Public School Choice Continues to Grow

Three times more Michigan residents opted for public school choice in 2001 than in 1997, according to a report from The Heritage Foundation.

Inter-district school choice in Michigan was enacted in 1996 and expanded in 1999. The Heritage study showed 26,000 Michigan students were enrolled outside of their home districts, the Holland Sentinel reported recently.

The Holland Public Schools, a popular choice for parents, have benefitted from public school choice by gaining students. That gain compensates for the hundreds of students the Holland public schools have lost to charter schools. Although neighboring districts have agreements not to market in the other’s area, the state legislature intended the program to spur improvement through competition.

In the absence of direct advertising, features that drive school choice decisions are word-of-mouth, familiarity, and tradition. “My son graduated from there, I graduated from there, we wanted [our daughter] to graduate from [that] school,” reasoned one parent.

Senate Education Committee Chair Wayne Kuipers (R-Holland) questions why marketing is considered a bad idea. “Each district should make its case. Why is that different from any other enterprise?
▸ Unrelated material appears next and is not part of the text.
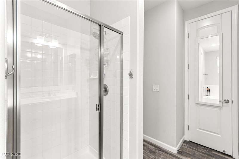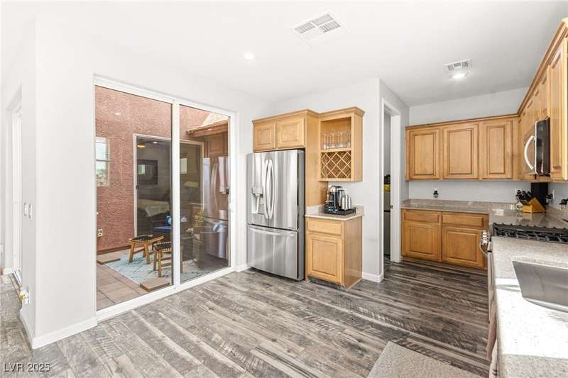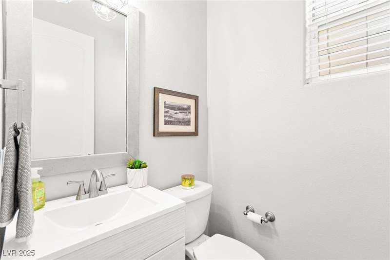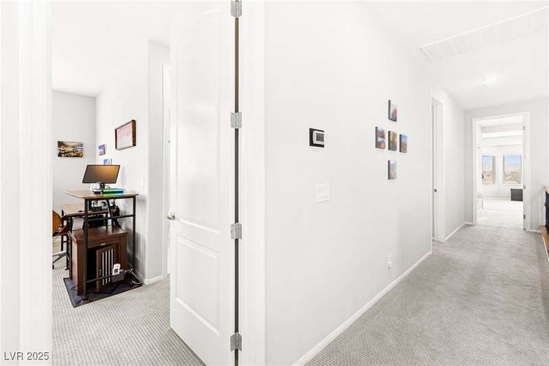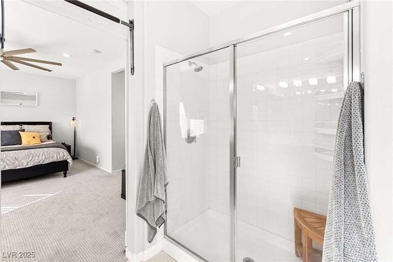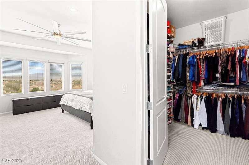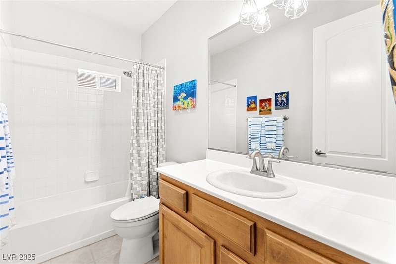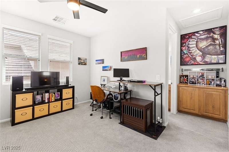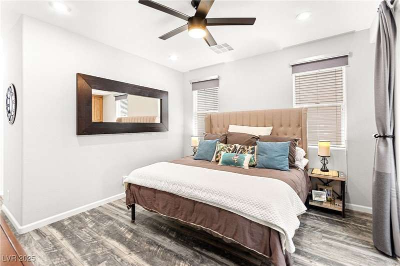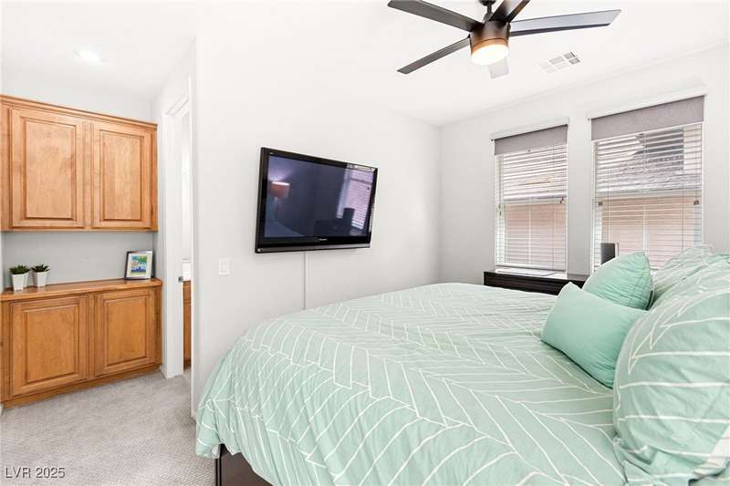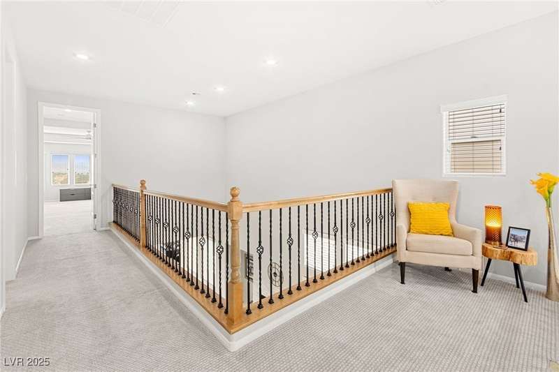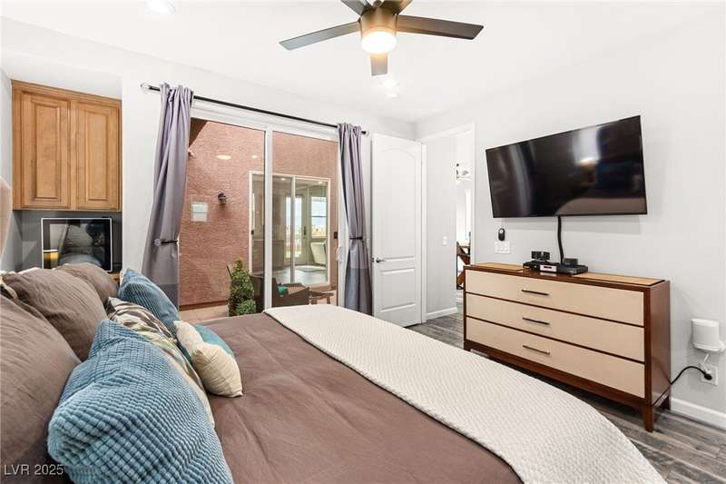 Step into this gorgeous home showcasing spectacular Strip, city, and mountain views from inside and out. Located in a quiet gated community with no rear neighbors, this updated residence blends luxury, comfort, and functionality. Enjoy primary suites on both the main and upper levels, with every bedroom featuring its own private en-suite bath—ideal for guests or multigenerational living. The open entryway leads to a two-story living room, spacious great room with fireplace, and a gourmet kitchen with granite countertops, stainless steel appliances, and toffee maple cabinets. Updates include new flooring, carpet, and fresh interior and exterior paint. High 9-foot ceilings add to the airy feel. The low-maintenance backyard offers a putting green, 12V landscape lighting, and unobstructed sunset views toward Red Rock and Mount Charleston. A private courtyard, epoxy-coated garage floor, and HOA-maintained front yard complete this exceptional home.

When you’re one enterprise, you have to market yourself,” he told the Holland Sentinel.
Holland Sentinel
August 8, 2003

NEW JERSEY

Poll Shows Strong Support for School Vouchers

A recent poll commissioned by local school choice advocates shows 66 percent of New Jersey families support vouchers. The poll was conducted on behalf of Excellent Education for Everyone (E3) by the Eagleton Institute of Politics Center for Public Interest Polling.

Respondents were asked, “Would you vote for or against a system of giving parents the option of using government-funded school vouchers to pay for tuition at the public, private or religious school of their choice?”

Sixty-one percent of Democrats, 68 percent of Independents, and 76 percent of Republicans said they would vote in favor of vouchers.

Support for vouchers was substantial across a wide range of income brackets, with favorable responses received from 70 percent of respondents making less than $50,000 a year and by 64 percent of respondents making $50,000-$100,000 a year. Minorities in New Jersey’s urban centers were especially supportive. Seventy-five percent of urban responders–72 percent of whom live in state’s special needs, or Abbott, districts–said they would vote for vouchers.